* WORK REQUEST
Print the lines that run from the line with "Cropped pull-over fleece" to the line with "In Figure 4, the", keeping both end lines, exactly as they appear in the entries below, and nothing else.

* DATASET ENTRIES
------------------------

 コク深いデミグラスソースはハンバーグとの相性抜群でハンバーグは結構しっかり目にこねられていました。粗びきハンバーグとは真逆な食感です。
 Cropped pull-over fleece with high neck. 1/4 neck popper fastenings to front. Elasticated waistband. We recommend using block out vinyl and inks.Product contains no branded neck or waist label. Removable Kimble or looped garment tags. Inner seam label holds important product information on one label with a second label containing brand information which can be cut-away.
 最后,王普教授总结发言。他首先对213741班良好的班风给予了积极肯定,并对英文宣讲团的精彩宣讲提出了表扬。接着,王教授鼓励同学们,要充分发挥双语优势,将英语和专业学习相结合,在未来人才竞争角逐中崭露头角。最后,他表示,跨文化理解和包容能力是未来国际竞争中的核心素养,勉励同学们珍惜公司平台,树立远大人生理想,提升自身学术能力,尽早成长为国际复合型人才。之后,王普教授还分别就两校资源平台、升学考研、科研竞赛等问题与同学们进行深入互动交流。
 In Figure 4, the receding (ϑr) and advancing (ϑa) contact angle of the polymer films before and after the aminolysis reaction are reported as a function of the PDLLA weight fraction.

------------------------

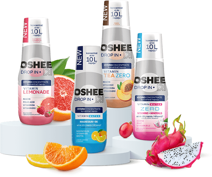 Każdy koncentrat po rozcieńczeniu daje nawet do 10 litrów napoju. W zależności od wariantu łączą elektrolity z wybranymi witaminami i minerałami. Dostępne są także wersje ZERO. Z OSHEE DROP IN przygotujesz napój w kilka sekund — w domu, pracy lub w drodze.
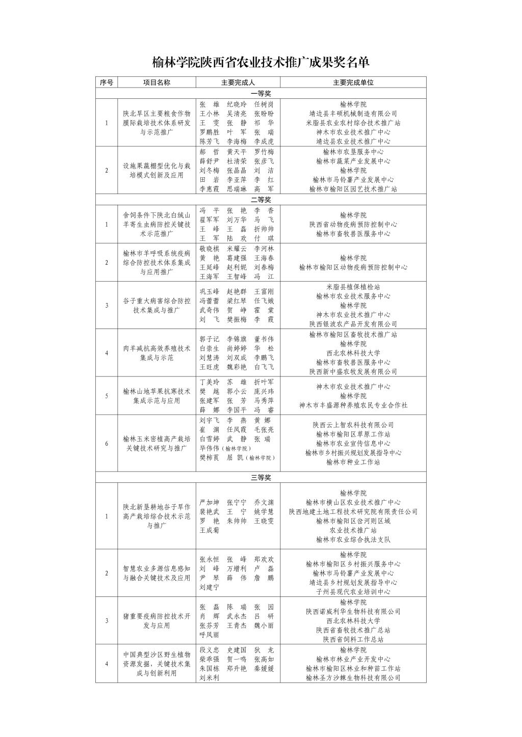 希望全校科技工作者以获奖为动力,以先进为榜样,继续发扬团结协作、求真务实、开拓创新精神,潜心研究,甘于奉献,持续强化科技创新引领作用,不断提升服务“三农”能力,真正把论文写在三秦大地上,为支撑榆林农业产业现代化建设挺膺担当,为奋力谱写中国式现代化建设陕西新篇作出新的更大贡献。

------------------------

* YOUR RESPONSE
 Cropped pull-over fleece with high neck. 1/4 neck popper fastenings to front. Elasticated waistband. We recommend using block out vinyl and inks.Product contains no branded neck or waist label. Removable Kimble or looped garment tags. Inner seam label holds important product information on one label with a second label containing brand information which can be cut-away.
 最后,王普教授总结发言。他首先对213741班良好的班风给予了积极肯定,并对英文宣讲团的精彩宣讲提出了表扬。接着,王教授鼓励同学们,要充分发挥双语优势,将英语和专业学习相结合,在未来人才竞争角逐中崭露头角。最后,他表示,跨文化理解和包容能力是未来国际竞争中的核心素养,勉励同学们珍惜公司平台,树立远大人生理想,提升自身学术能力,尽早成长为国际复合型人才。之后,王普教授还分别就两校资源平台、升学考研、科研竞赛等问题与同学们进行深入互动交流。
 In Figure 4, the receding (ϑr) and advancing (ϑa) contact angle of the polymer films before and after the aminolysis reaction are reported as a function of the PDLLA weight fraction.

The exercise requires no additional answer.